DATASET EXTRACT:
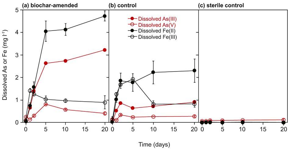 ?圖1. 不同孵育階段,生物炭修正(a)、無(wú)生物炭修正(b)和無(wú)菌(c)水稻土壤的釋放性砷As(III)/As(V)和鐵Fe(II)/Fe(III)的濃度。
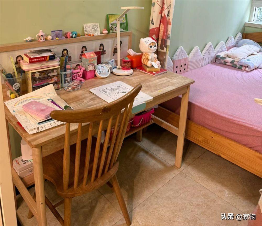 一進門的位置,書桌基本上是緊貼推拉門和另一側的牀尾擺放,桌面上有各種各樣的裝飾擺件,雖然看起來東西不少,但卻給人一種亂中有序的感覺,收納整理很到位。
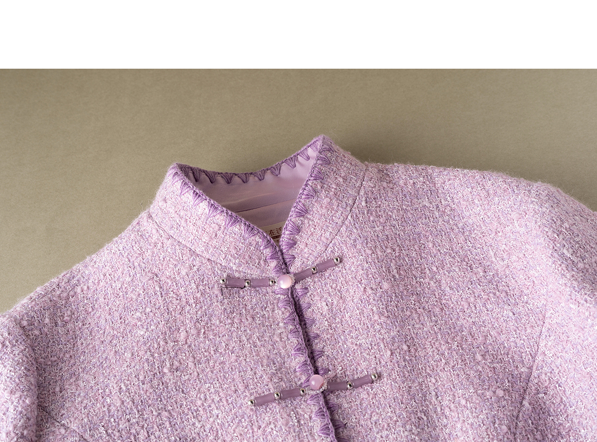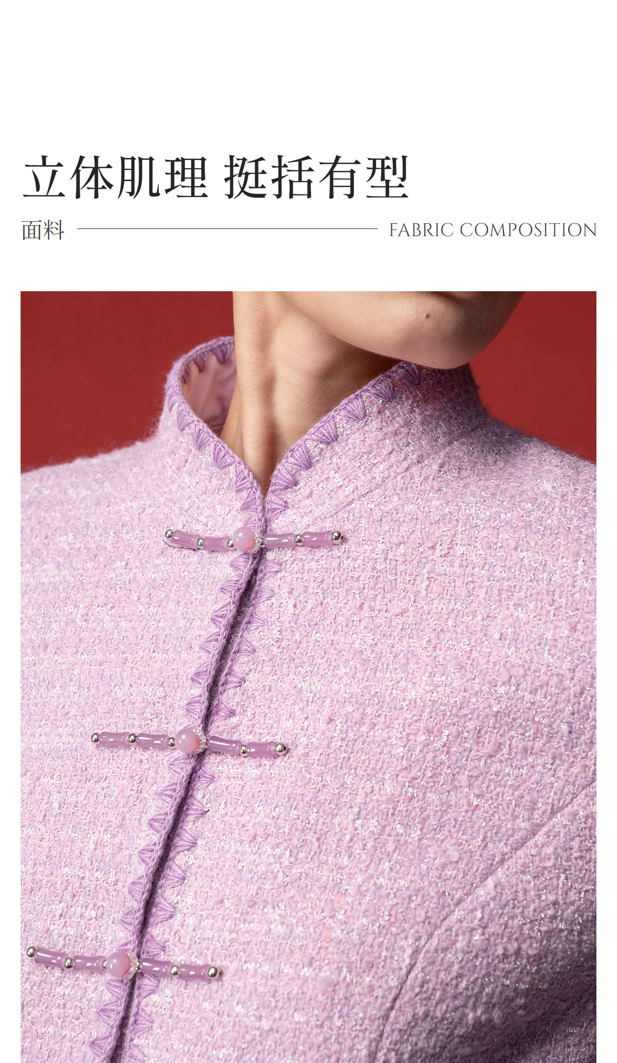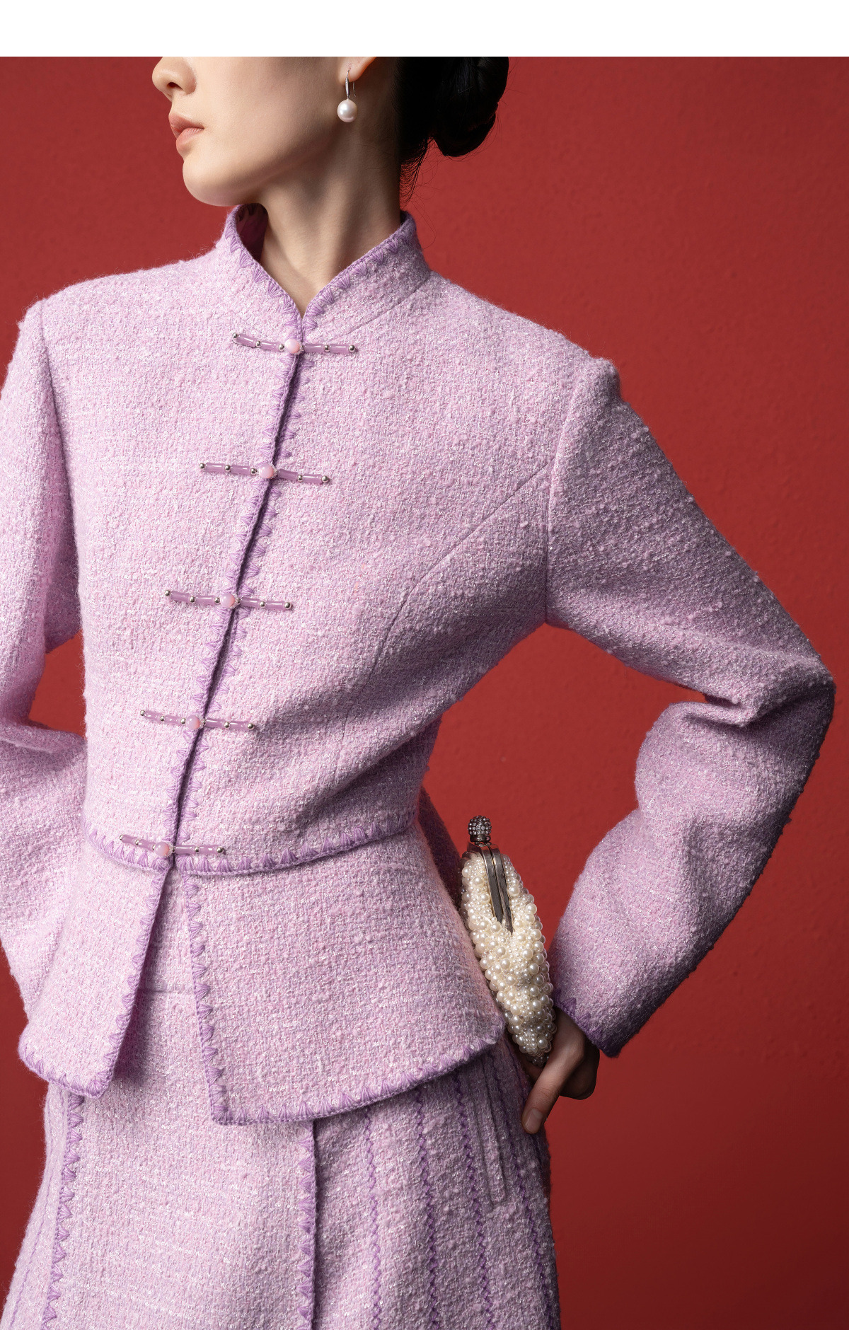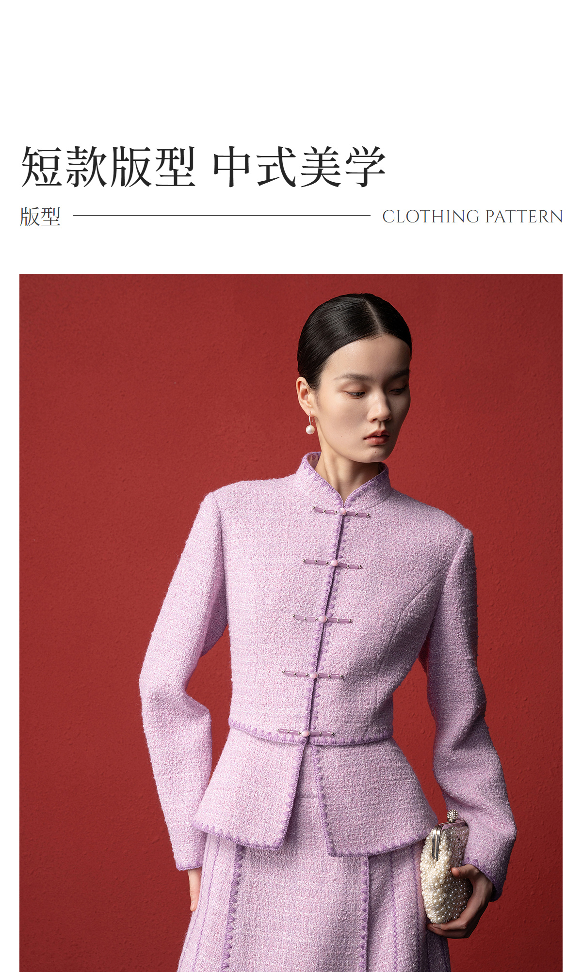 【林栖设计小店】(现货)小香风粉短外套肌理感优雅国风气质2025秋冬新款长袖上衣女T1954147

YOUR TASK: Word-for-word transcription: the whole listing, with images excluded.

RESULT OF THIS EXERCISE:
 ?圖1. 不同孵育階段,生物炭修正(a)、無(wú)生物炭修正(b)和無(wú)菌(c)水稻土壤的釋放性砷As(III)/As(V)和鐵Fe(II)/Fe(III)的濃度。
 一進門的位置,書桌基本上是緊貼推拉門和另一側的牀尾擺放,桌面上有各種各樣的裝飾擺件,雖然看起來東西不少,但卻給人一種亂中有序的感覺,收納整理很到位。
 【林栖设计小店】(现货)小香风粉短外套肌理感优雅国风气质2025秋冬新款长袖上衣女T1954147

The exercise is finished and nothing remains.